В это время письма из Мурманска, где муж служил последние годы, стали приходить с опозданием на семь — десять дней: задерживало ГПУ; оно работало небрежно и не стеснялось давать о себе знать.

В конце марта я получила записку минуя почту: «Арестованы Щ. и К. Был обыск. Что ищут — не понимаю. Сожги все».
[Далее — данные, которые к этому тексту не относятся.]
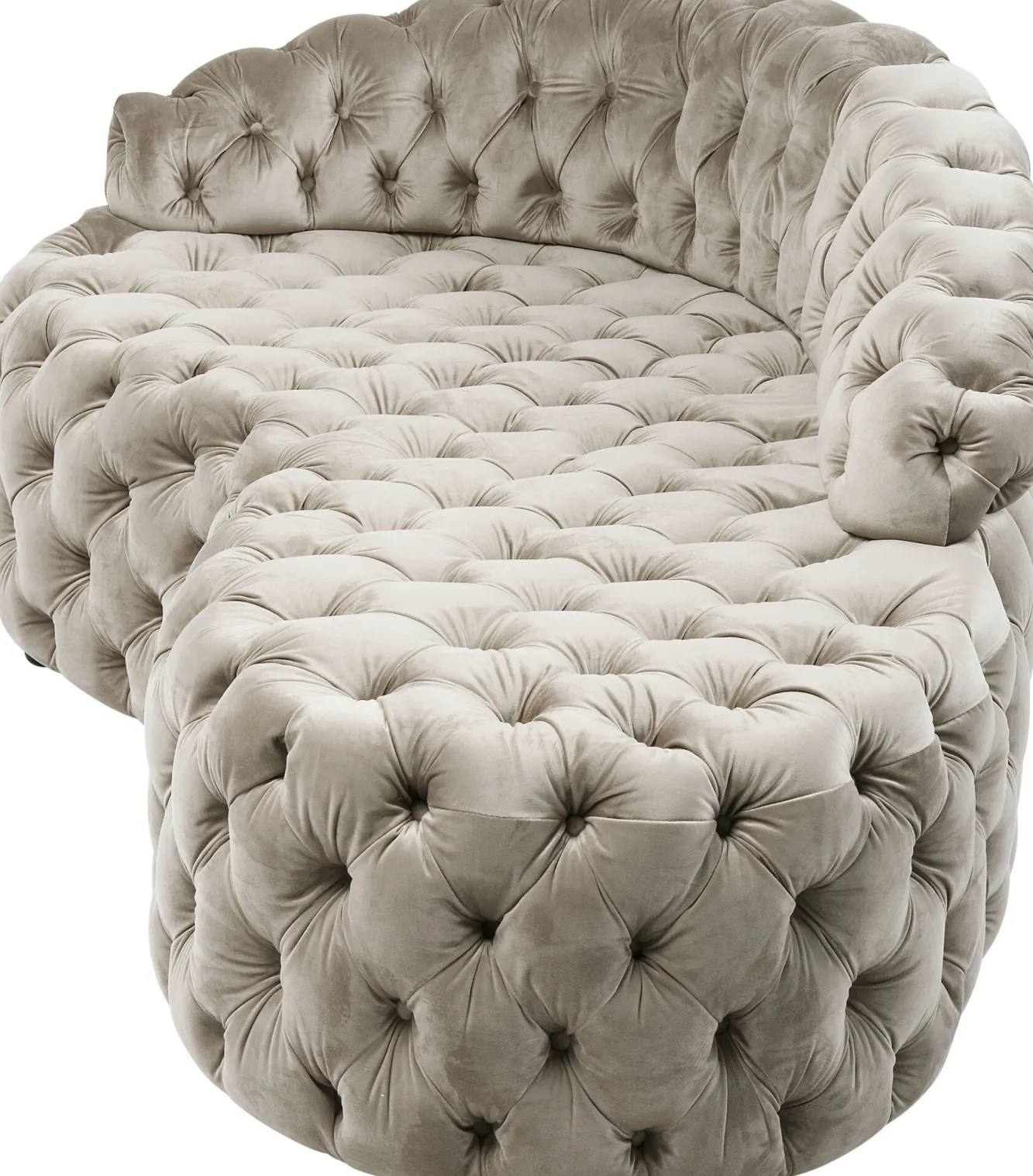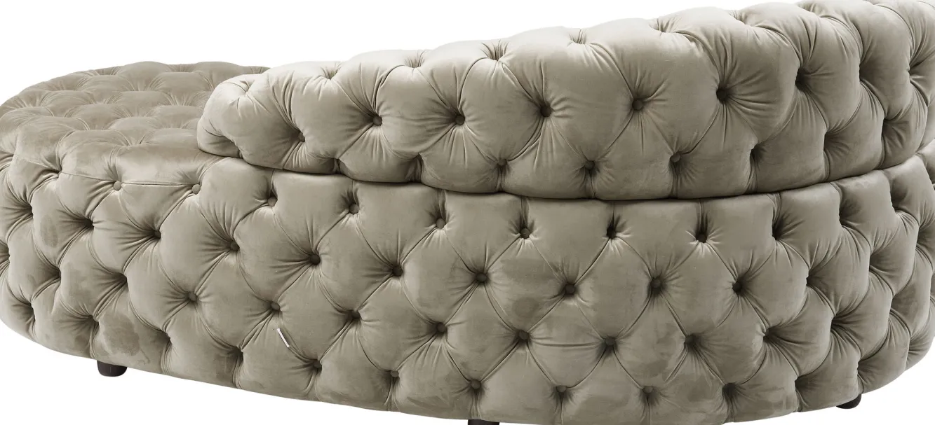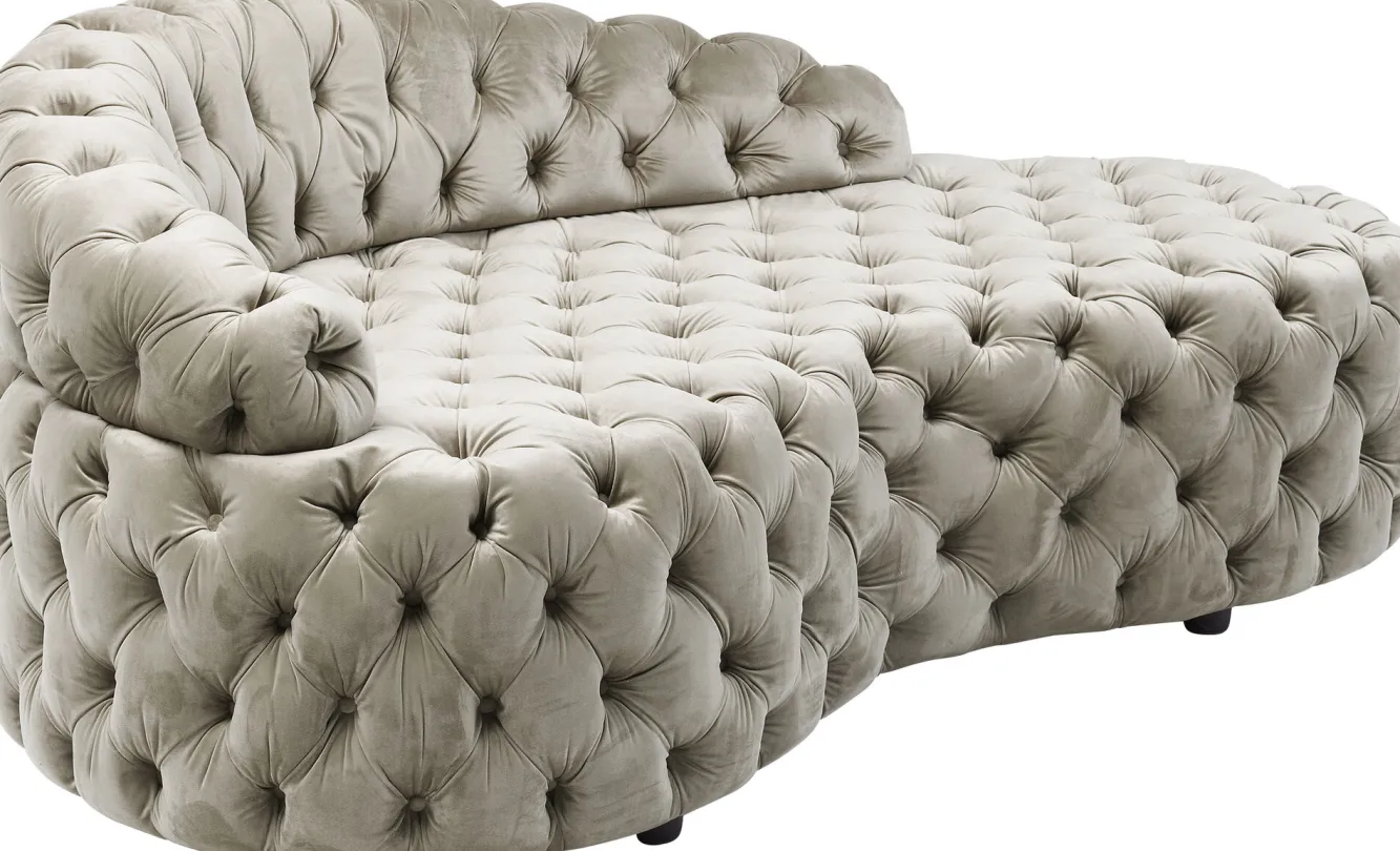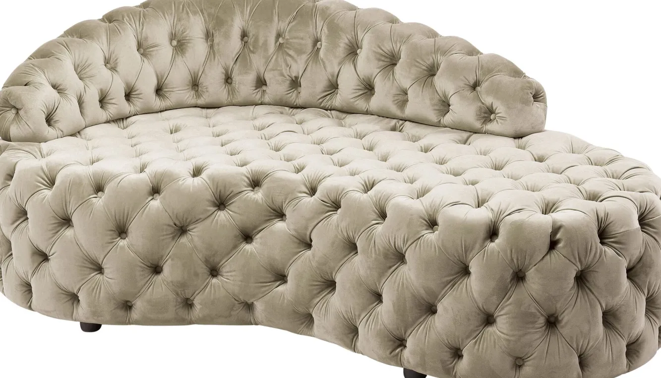 Do naszej oferty dumnie wkracza ta nowoczesna sofa w stylu glamour od ekskluzywnej firmy KARE. Niemiecka marka od ponad trzech dekad odsłania przed nami swoją bezkompromisową wizję home designu, czym pomaga spełniać marzenia o pięknym i oryginalnym wyposażeniu wnętrz. Tutaj mamy do czynienia z modelem w klasycznym kształcie nerki, z niskim oparciem, o welurowej powierzchni oraz w szalenie wytwornym kolorze szampana. Taka wyrafinowana sofa tapicerowana zaprosi pod Wasz dach hollywoodzki splendor, a dzięki bujnej, obfitej sylwetce możecie liczyć na komfort i miękkość. Prezentowana sofa beżowa ma prawdziwy potencjał na gwiazdę. Będzie błyszczeć i w salonie i w dużym holu.

Сожги все! Что мы, заговорщики? Преступники? Что значит — сожги все? Так же логично сжечь столы и стулья, как письма или фотографии. В письмах — дружба с культурными людьми, на фотографиях — несколько родных и милых лиц, с которыми связаны юность и детство. Кого из них жечь? Отец — его не скроешь, даже если б мне пришло это в голову: один из самых известных профессоров и исследователей Сибири, друг Нансена, автор массы научных трудов, внесенный во все энциклопедии. Мой дядя — не менее известный профессор, на учебниках которого выросли много тысяч студентов. Моя сестра — профессор в двух вузах. Вот и вся семья. Что можно узнать, раскрыв нашу жизнь хотя бы по дням и по часам? Работа — чуть не с детства. Упорный труд и служба своей стране, без всяких личных выгод для себя. И все же мы объявлены «подозрительными» — «suspects», как некогда аристократы. Что может быть глупей и возмутительней!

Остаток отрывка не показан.